February 01, 2021 07:12 pm | Updated 07:14 pm IST - NEW DELHI

Finance Commision of India.

Finance Commision of India.

The 15th Finance Commission has recommended constitution of a dedicated non-lapsable Modernisation Fund for Defence and Internal Security (MFDIS) to bridge the gap between projected budgetary requirements and allocation for defence and internal security.

The indicative size of the MFDIS for 2021-26 is ₹2,38,354 crore and the maximum recommended is ₹51,000 crore per annum, the Commission said in its report.

However, the unutilised amount from the normal budgetary allocations to the Ministry of Defence (MoD) and the Ministry of Home Affairs (MHA) for capital expenditure shall not be part of the Fund.
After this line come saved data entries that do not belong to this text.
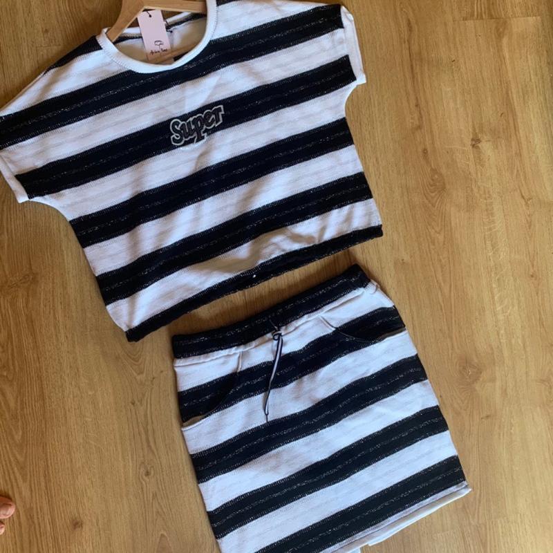 Жіночий турецький костюм кофта + спідниця в смужку чорний з білим 2023
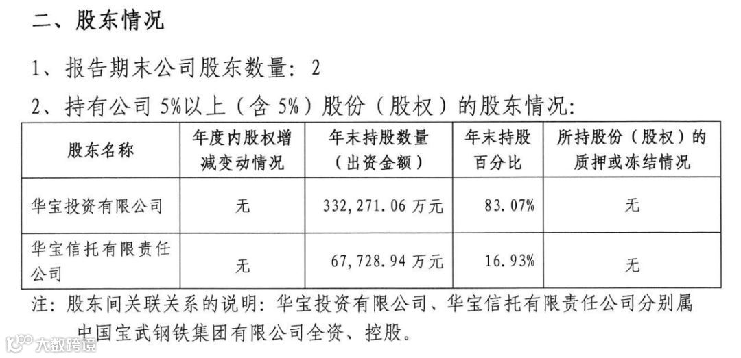而华宝投资有限公司和华宝信托有限责任公司分别属中国宝武钢铁集团有限公司全资、控股。
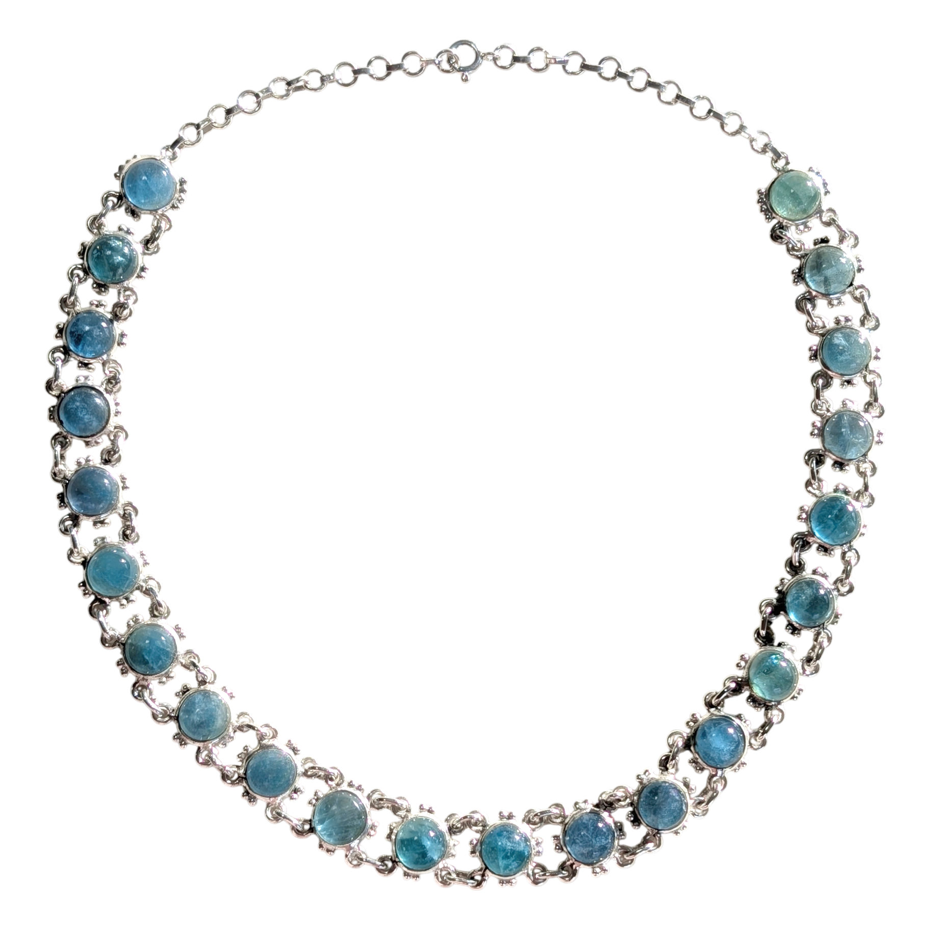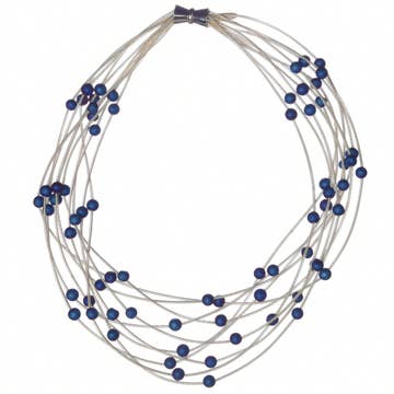 Blue and Silver Resin colors with a Tiger tail coated wire. 18 inches with a extended chain. Rhodium material good for sensitive skin.
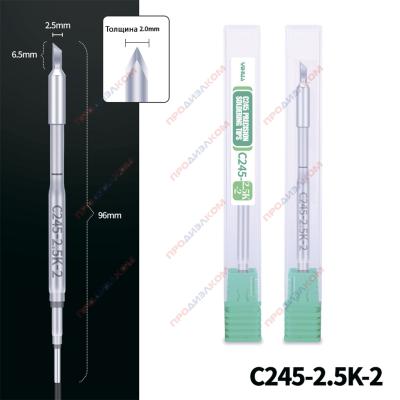 Сменное прецизионное жало, совместимое с паяльниками серии C245. Имеет форму «нож» шириной 2,5 мм, что обеспечивает отличный тепловой контакт и позволяет выполнять как точную, так и грубую пайку. От стандартного ножа 2,5 отличается толщиной, которая больше на 0,5 мм и составляет 2 мм
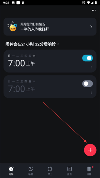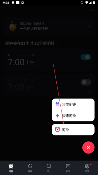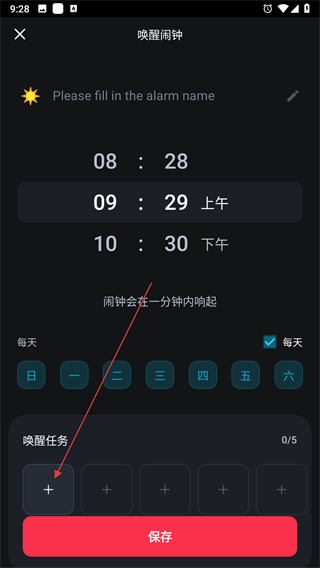 1、打開使命鬧鐘應用,點擊右下角紅色+按鈕,彈出選項窗口。

The Defence Ministry has for long been demanding a non-lapsable fund keeping in view the long trajectory of military modernisation.
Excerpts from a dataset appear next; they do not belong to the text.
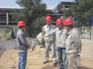 該項目初級階段,公司各級領導極為重視,杭州華源前線能源設備有限公司董事長蔣聞文、總經理徐國富都親自來到工地一線考察項目實際情況,并共商工程要點,協調人員保證質量前提下,確保工期;營銷部經理梁仁泉與項目部經理郭亮在現場協調人員現場勘查,并與項目負責人積極溝通,根據具體情況,優化設計方案:自控方面,兼顧設計與實用性要求,氣力除灰系統采用程控運行,以確保有充分時間進行系統檢查、維修和故障消除;提供詳細PID圖,若出現某一輸送器故障,可以將其旁路,而不影響其它灰斗卸灰正常運行;土建方面,由于地處黃河一級堆積階地,地基土層不能直接作為建筑天然地基,我方土建設計人員依據建筑結構抗震設計規范,經過縝密計算,加深了人工地基垂直深度,其可抗力為地震烈度12級。公司各部人員工作緊張忙碌,表現出坐不住的緊迫感、慢不得的使命感。在公司總部,計劃、采購、設計等極力配合,多數人員主動放棄休假,保證了現場的設計、材料供應和資金用度。
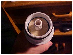 Photo 13: One of the cheapest but most important parts of the RO unit is the flow restrictor. Without it, the unit doesn't work. The flow restrictor provides the pressure that makes the unit work. Flow restrictors are precision calibrated to allow only a certain amount of water to pass in a set time period. If improper sizes are used, the unit will not have enough pressure to push water through the membrane or will not have enough waste water flow to keep the membrane clean of contaminants.
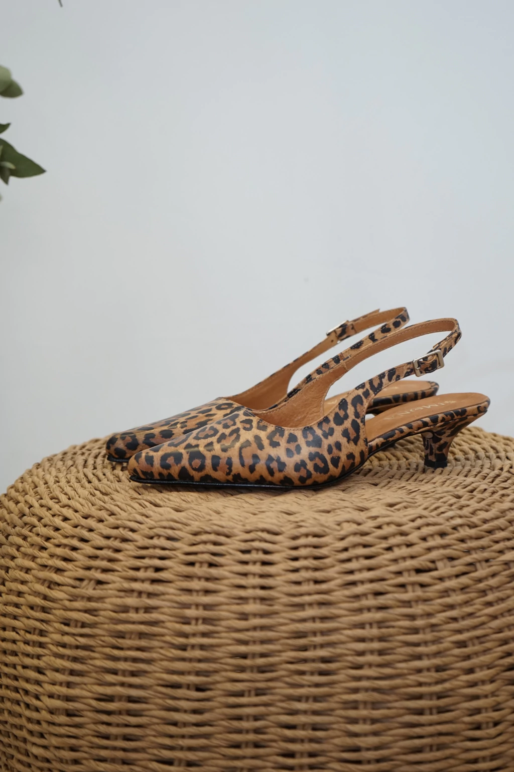 STILETTOS DE CUERO ANIMAL PRINT CON TACO BAJO
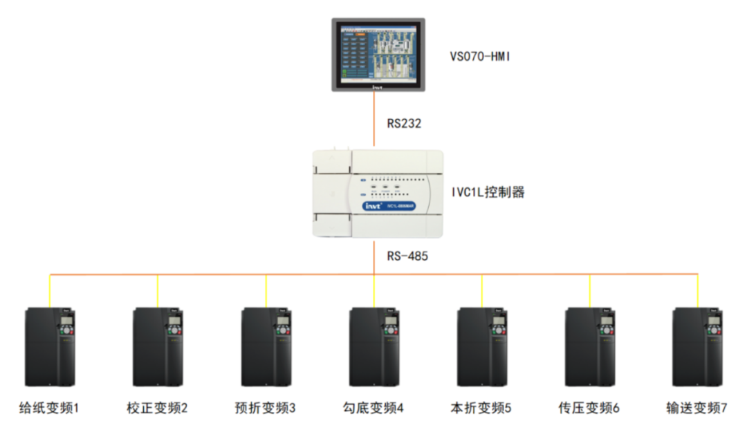 四、大幅降低硬件成本与维护成本。在硬件上,控制器、触摸屏、变频器、伺服全部实现国产替代,成套电控系统成本至少下降20%。整套系统的变频器通过RS485通讯,由上位PLC给定频率,减少了大量模拟量模块、简化了现场布线,降低系统硬件成本,也减少了后期维护成本。
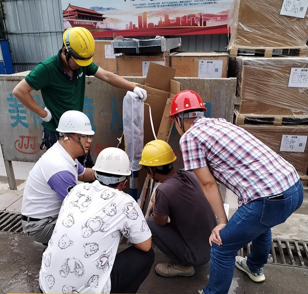 安徽大學(xué)綠色產(chǎn)業(yè)創(chuàng)新基地項目現(xiàn)場安裝人員正在進(jìn)行電梯開箱檢驗
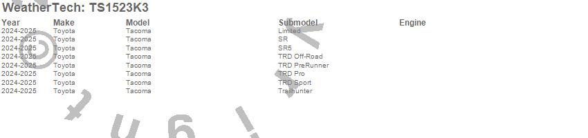 Brand: WeatherTechPart Number: TS1523K3Window Shade Type: UPC: 787765305556
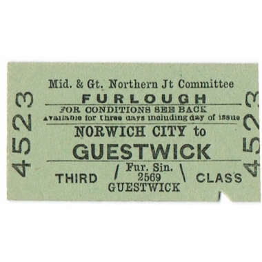 Travel Ticket, Mid & GN, Norwich City - Guestwick, Serial No 4523
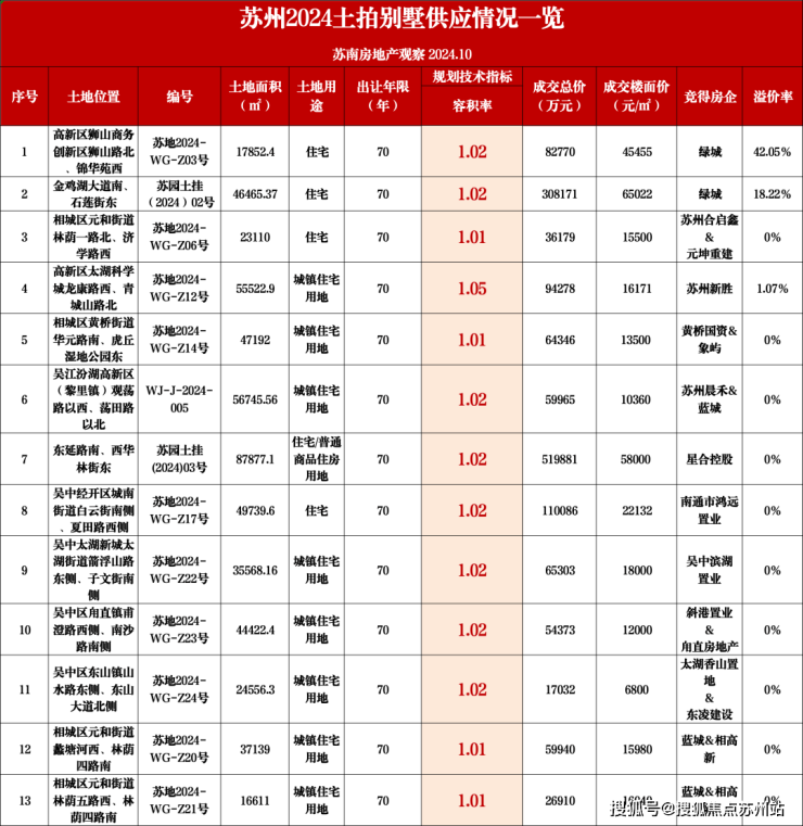 限墅令放开后,苏州土拍新增的别墅用地,容积率最低也只能做到1.0左右。园区双湖新出让的两宗宅地,绿城玫瑰园与星合控股地块,容积率是1.02。
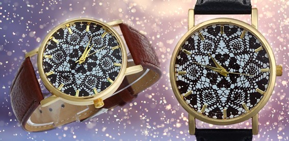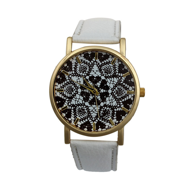 Наручные часы оснащены кварцевым механизмом с часовой, минутной и секундной стрелками. Ремешок выполнен из PU кожи чёрного, белого, коричневого и бежевого цвета, корпус изготовлен из стали с золотистым покрытием. Циферблат оформлен изображением кружева.
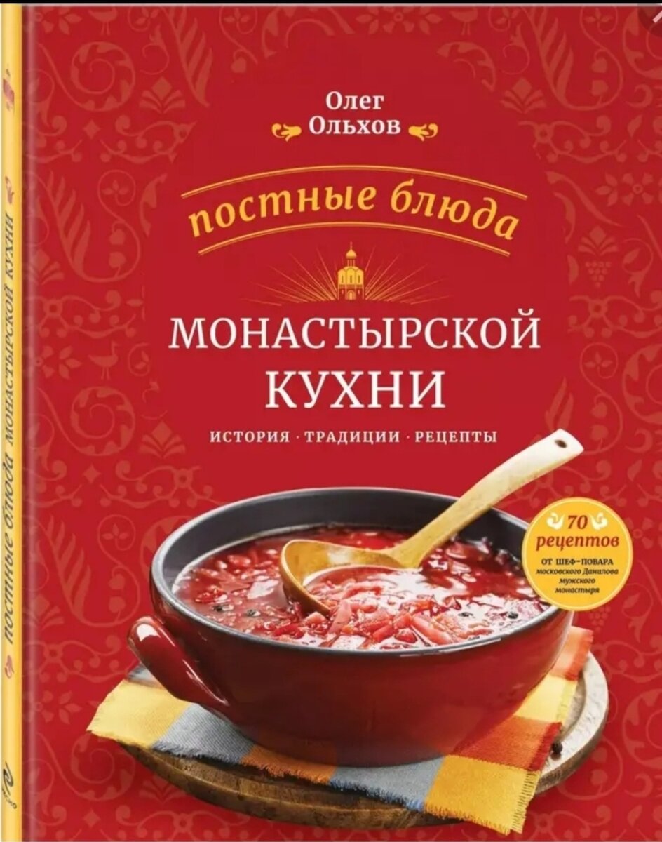 Первый уникальный подарок — книга Олега Ольхова «Постные блюда монастырской кухни». За 800 рублей читатели получат не просто кулинарное руководство, а настоящую жемчужину с 70 постными рецептами из меню Данилова монастыря.

Proposal accepted “in-principle”: govt.

In the action-taken report tabled in Parliament along with the Commission report, the government said it has “in-principle” accepted the creation of the fund in the Public Account of India. “Sources of funding and modalities will be examined in due course.”

The Commission said the fund will have four specific sources of incremental funding which include transfers from the Consolidated Fund of India, disinvestment proceeds of defence public sector undertakings (DPSUs), proceeds from the monetisation of surplus defence land, including realisation of arrears of payment for defence land used by State governments and for public projects and cost recovered of encroached land and proceeds of receipts from defence land likely to be transferred to them and for public projects in future.

As per the Commission, the proceeds will be utilised for capital investment for modernisation of defence services, capital investment for the Central Armed Police Forces (CAPF) and modernisation of State police forces as projected by the MHA and a small component as welfare fund for soldiers and para-military personnel. “The MoD would have exclusive rights over the use of the amounts deposited in the Fund from the specified sources of revenue. The MHA will only be permitted to use that is earmarked for it from the source of revenue,” the Commission said.

The amount proposed for capital expenditure towards internal security for the five years is ₹50,000 crore of which the MHA will allocate ₹500 crore for redeveloping and improving the residential facilities for police personnel in Delhi. This would be augmented by ₹100 crore per annum for improved communication systems and technology upgradation of the police personnel.

Allocation for welfare of families

The Commission said the fund may be operated by a high-powered committee notified by the Union government and may be headed by the Cabinet Secretary with the Secretaries of Defence, Home and Expenditure and the Chief of Defence Staff as members. It would also allocate ₹1,000 crore per annum for the welfare of families of the defence and CAPF personnel who sacrifice their lives in frontline duties.

Due to overall fiscal constraints, the Commission recommended that the MoD should also take “immediate measures to innovatively bring down the salaries and pension liabilities” and reduce dependence on defence imports with a specific roadmap.